## [Your objective]
Only one span of the listing below should come back. It runs from the line with "Zentrale Steuerungseinheit zur" through the line with "(a) ESEM observation", and each of its lines must be reproduced exactly.

## [Input data]
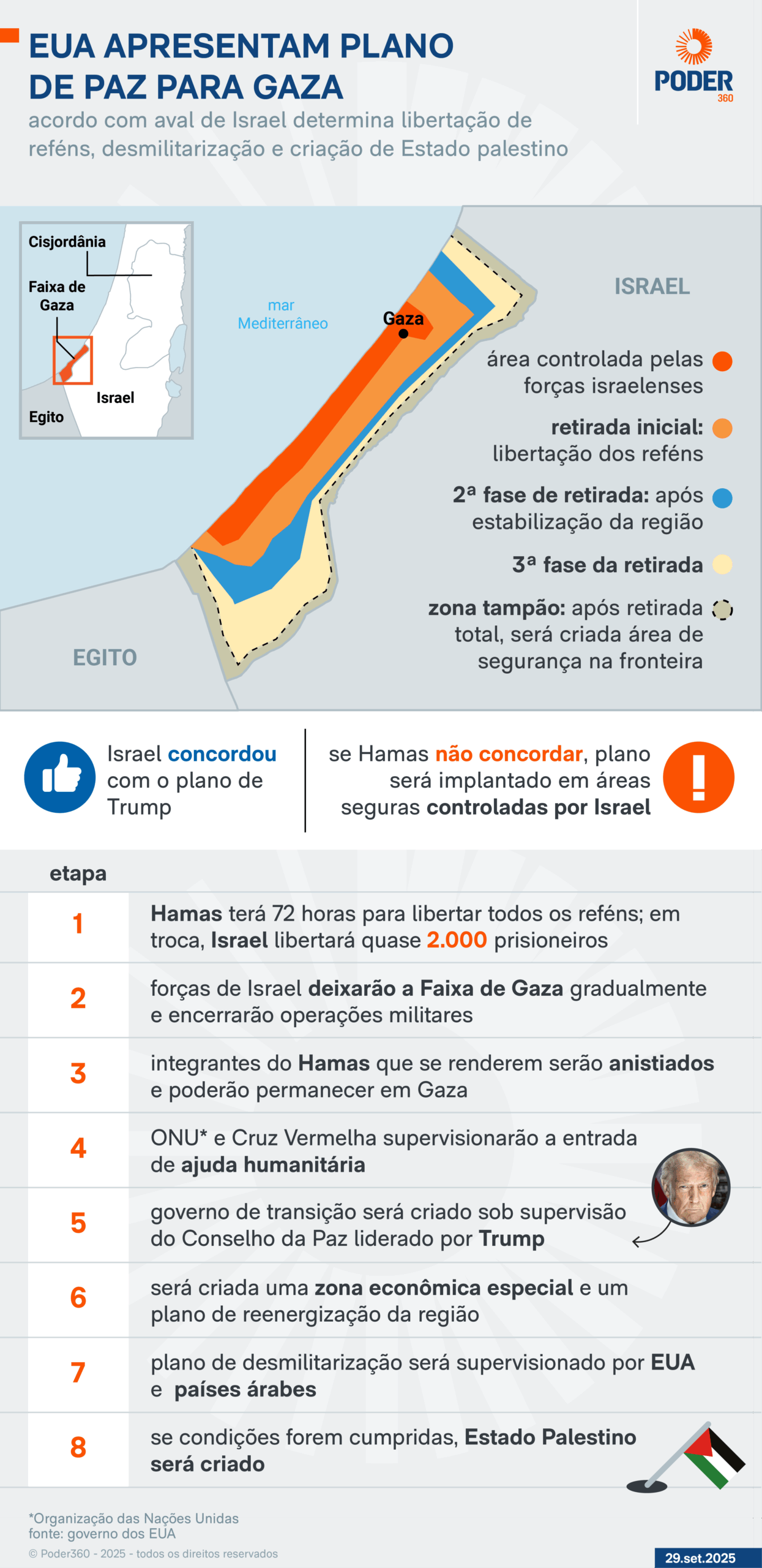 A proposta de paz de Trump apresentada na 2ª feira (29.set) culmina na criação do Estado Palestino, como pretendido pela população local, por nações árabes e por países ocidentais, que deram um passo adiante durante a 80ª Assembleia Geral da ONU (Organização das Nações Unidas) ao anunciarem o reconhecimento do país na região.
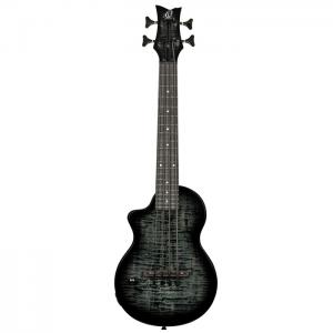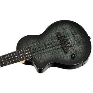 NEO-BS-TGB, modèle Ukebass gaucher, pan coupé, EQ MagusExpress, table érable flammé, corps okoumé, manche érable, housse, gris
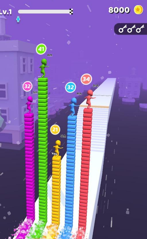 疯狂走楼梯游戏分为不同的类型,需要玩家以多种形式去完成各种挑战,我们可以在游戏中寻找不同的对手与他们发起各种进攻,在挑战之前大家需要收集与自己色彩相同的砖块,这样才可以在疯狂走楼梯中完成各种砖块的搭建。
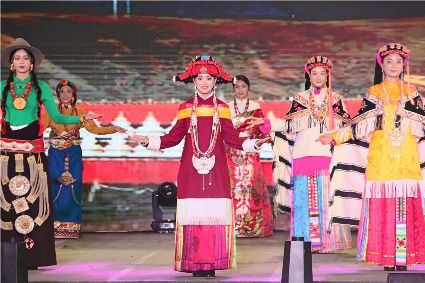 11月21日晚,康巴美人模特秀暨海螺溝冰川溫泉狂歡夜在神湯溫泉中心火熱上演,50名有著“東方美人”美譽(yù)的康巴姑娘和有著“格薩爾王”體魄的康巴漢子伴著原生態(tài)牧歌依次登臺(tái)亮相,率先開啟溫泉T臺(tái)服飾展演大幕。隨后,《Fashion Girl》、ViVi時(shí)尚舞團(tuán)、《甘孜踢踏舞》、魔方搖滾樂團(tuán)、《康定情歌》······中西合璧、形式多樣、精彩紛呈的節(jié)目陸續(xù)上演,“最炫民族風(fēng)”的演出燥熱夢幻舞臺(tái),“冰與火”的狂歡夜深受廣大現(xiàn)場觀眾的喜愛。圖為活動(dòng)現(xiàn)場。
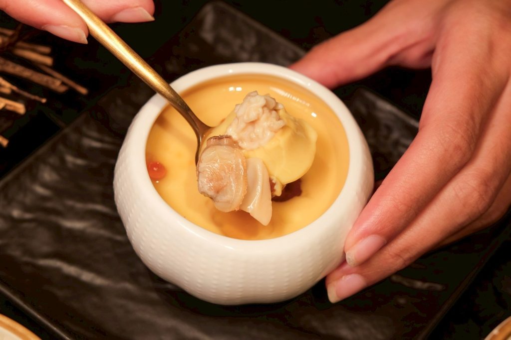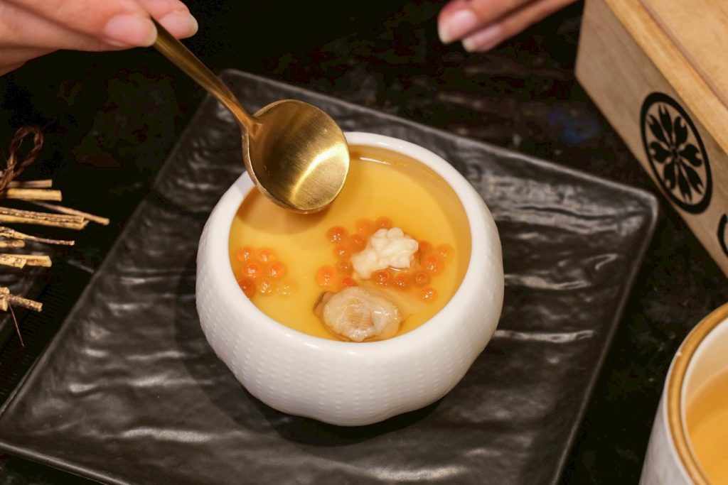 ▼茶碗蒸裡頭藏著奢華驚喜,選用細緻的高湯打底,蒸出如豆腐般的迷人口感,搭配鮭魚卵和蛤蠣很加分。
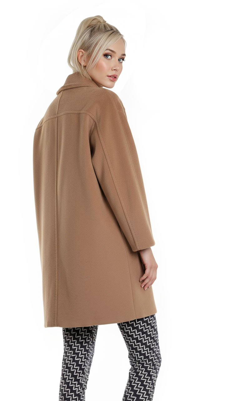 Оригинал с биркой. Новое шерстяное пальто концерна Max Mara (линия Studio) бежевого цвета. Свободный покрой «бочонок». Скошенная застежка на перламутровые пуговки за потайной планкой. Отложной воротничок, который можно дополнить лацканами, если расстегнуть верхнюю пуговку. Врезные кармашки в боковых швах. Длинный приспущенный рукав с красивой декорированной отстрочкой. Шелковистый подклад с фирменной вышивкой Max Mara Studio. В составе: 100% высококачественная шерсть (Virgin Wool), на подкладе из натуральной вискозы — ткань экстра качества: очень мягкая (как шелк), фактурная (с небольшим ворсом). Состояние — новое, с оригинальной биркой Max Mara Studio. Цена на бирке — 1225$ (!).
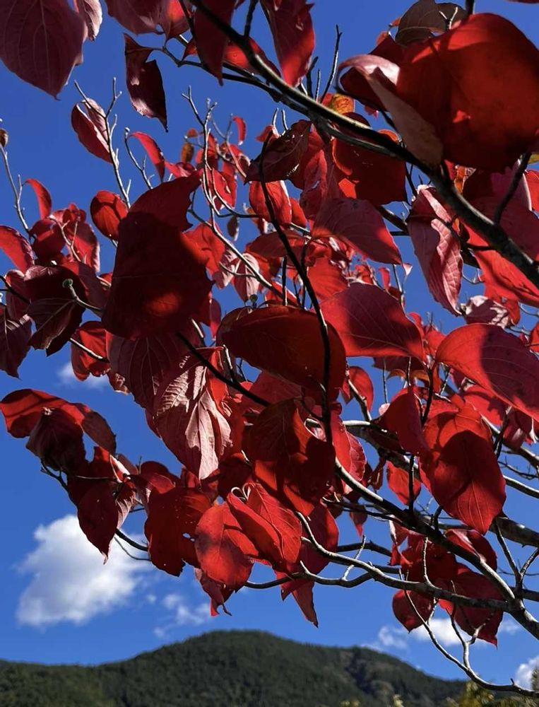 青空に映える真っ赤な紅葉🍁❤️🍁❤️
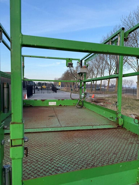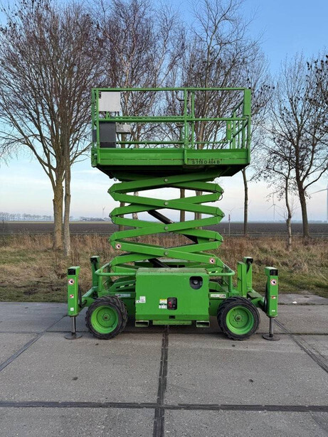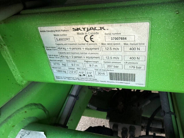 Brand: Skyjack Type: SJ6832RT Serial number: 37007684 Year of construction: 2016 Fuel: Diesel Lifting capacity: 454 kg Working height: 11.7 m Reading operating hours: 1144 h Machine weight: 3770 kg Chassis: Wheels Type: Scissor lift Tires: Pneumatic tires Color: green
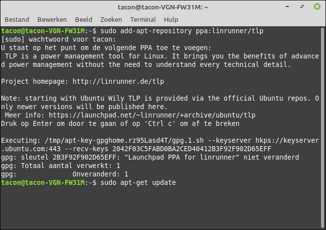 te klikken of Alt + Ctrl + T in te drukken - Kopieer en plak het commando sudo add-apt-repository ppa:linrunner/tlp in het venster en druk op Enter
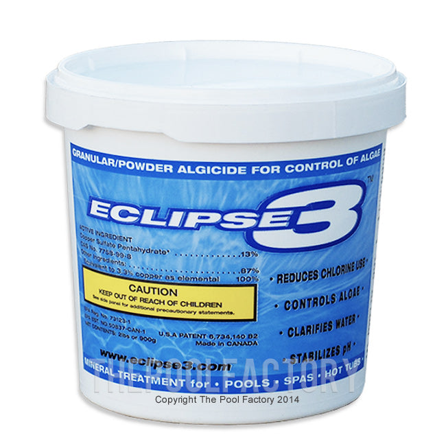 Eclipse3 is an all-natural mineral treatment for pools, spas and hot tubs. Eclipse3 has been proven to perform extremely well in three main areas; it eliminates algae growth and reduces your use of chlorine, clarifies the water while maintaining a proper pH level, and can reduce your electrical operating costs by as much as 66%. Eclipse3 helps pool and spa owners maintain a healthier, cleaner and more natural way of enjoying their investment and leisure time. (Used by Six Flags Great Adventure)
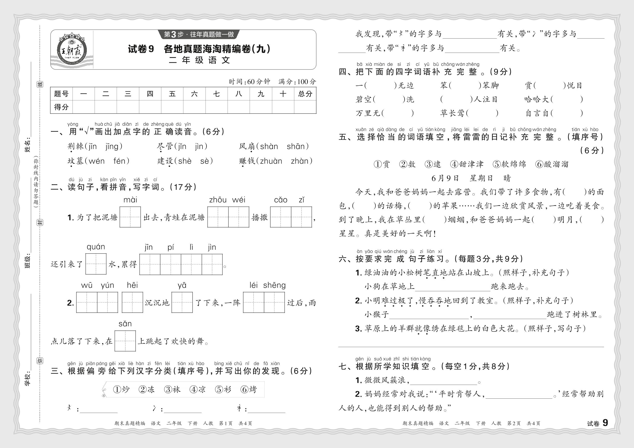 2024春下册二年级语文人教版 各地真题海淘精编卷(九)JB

==

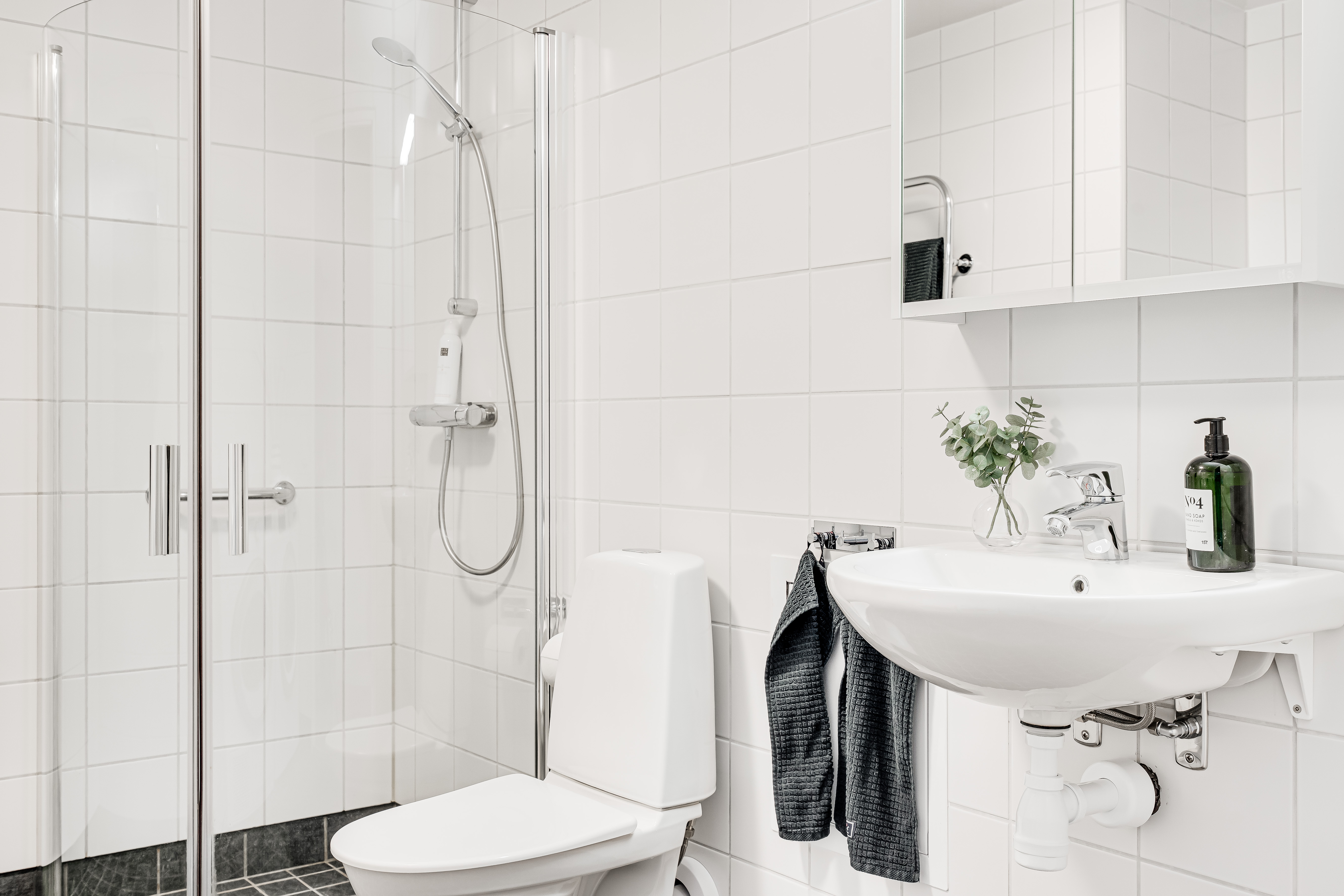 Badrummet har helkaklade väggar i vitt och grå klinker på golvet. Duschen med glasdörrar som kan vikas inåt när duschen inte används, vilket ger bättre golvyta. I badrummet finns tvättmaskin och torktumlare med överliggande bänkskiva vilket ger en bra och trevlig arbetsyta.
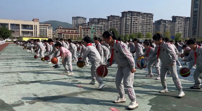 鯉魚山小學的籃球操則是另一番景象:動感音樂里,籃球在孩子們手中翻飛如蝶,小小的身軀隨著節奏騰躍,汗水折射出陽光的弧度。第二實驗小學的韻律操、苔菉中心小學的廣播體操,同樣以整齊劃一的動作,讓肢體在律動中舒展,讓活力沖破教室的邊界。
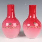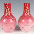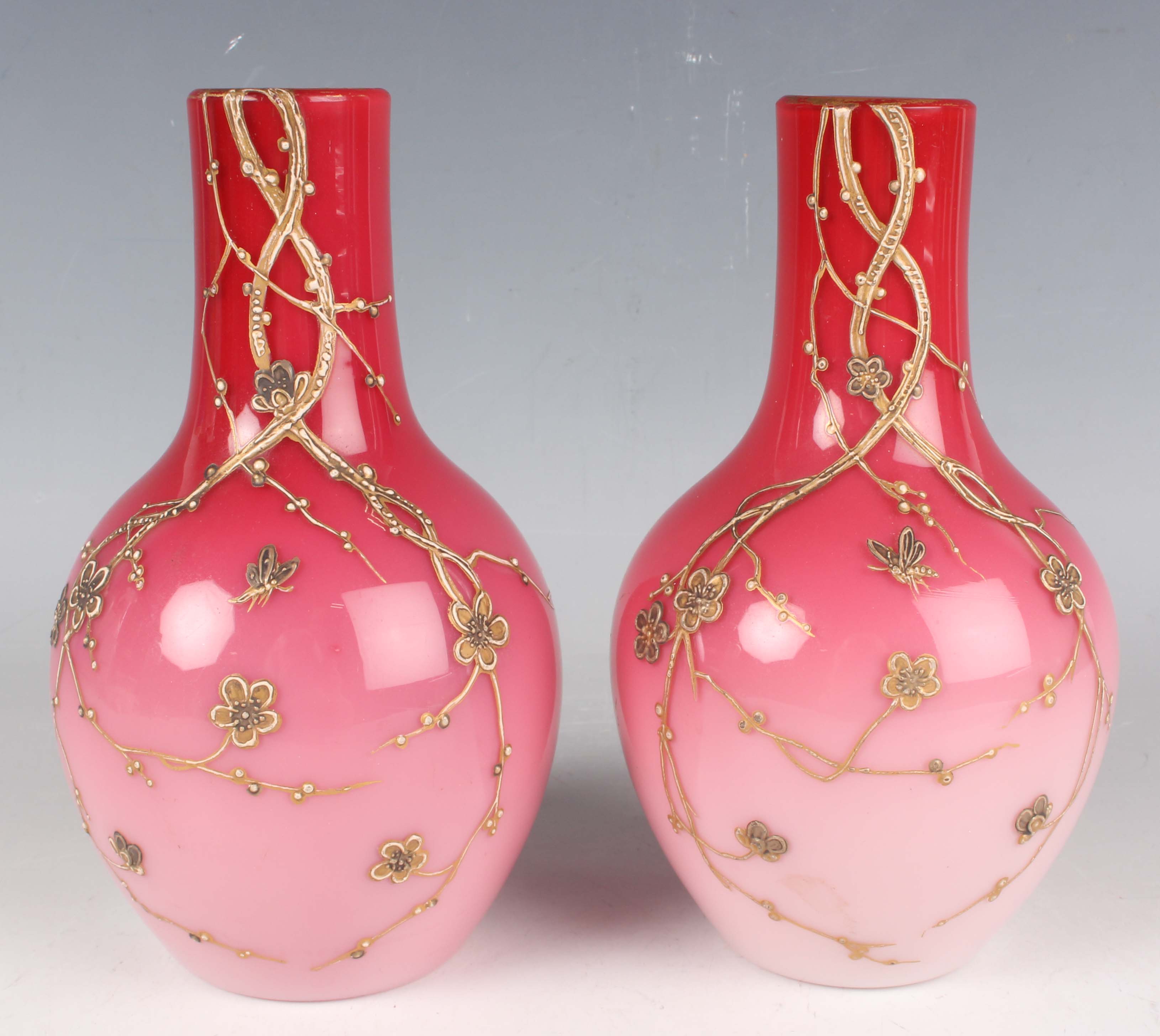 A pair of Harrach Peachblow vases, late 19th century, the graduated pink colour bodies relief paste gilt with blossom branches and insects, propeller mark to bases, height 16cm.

--

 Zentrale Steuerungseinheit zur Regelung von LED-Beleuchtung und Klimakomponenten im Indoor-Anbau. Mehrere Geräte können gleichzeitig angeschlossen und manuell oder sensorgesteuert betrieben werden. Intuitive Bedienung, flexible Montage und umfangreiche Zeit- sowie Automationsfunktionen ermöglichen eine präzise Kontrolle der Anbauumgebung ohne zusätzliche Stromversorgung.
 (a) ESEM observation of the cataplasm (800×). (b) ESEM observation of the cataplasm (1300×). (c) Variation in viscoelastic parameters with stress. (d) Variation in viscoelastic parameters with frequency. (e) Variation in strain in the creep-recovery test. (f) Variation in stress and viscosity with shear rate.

## [Solved problem]
 Zentrale Steuerungseinheit zur Regelung von LED-Beleuchtung und Klimakomponenten im Indoor-Anbau. Mehrere Geräte können gleichzeitig angeschlossen und manuell oder sensorgesteuert betrieben werden. Intuitive Bedienung, flexible Montage und umfangreiche Zeit- sowie Automationsfunktionen ermöglichen eine präzise Kontrolle der Anbauumgebung ohne zusätzliche Stromversorgung.
 (a) ESEM observation of the cataplasm (800×). (b) ESEM observation of the cataplasm (1300×). (c) Variation in viscoelastic parameters with stress. (d) Variation in viscoelastic parameters with frequency. (e) Variation in strain in the creep-recovery test. (f) Variation in stress and viscosity with shear rate.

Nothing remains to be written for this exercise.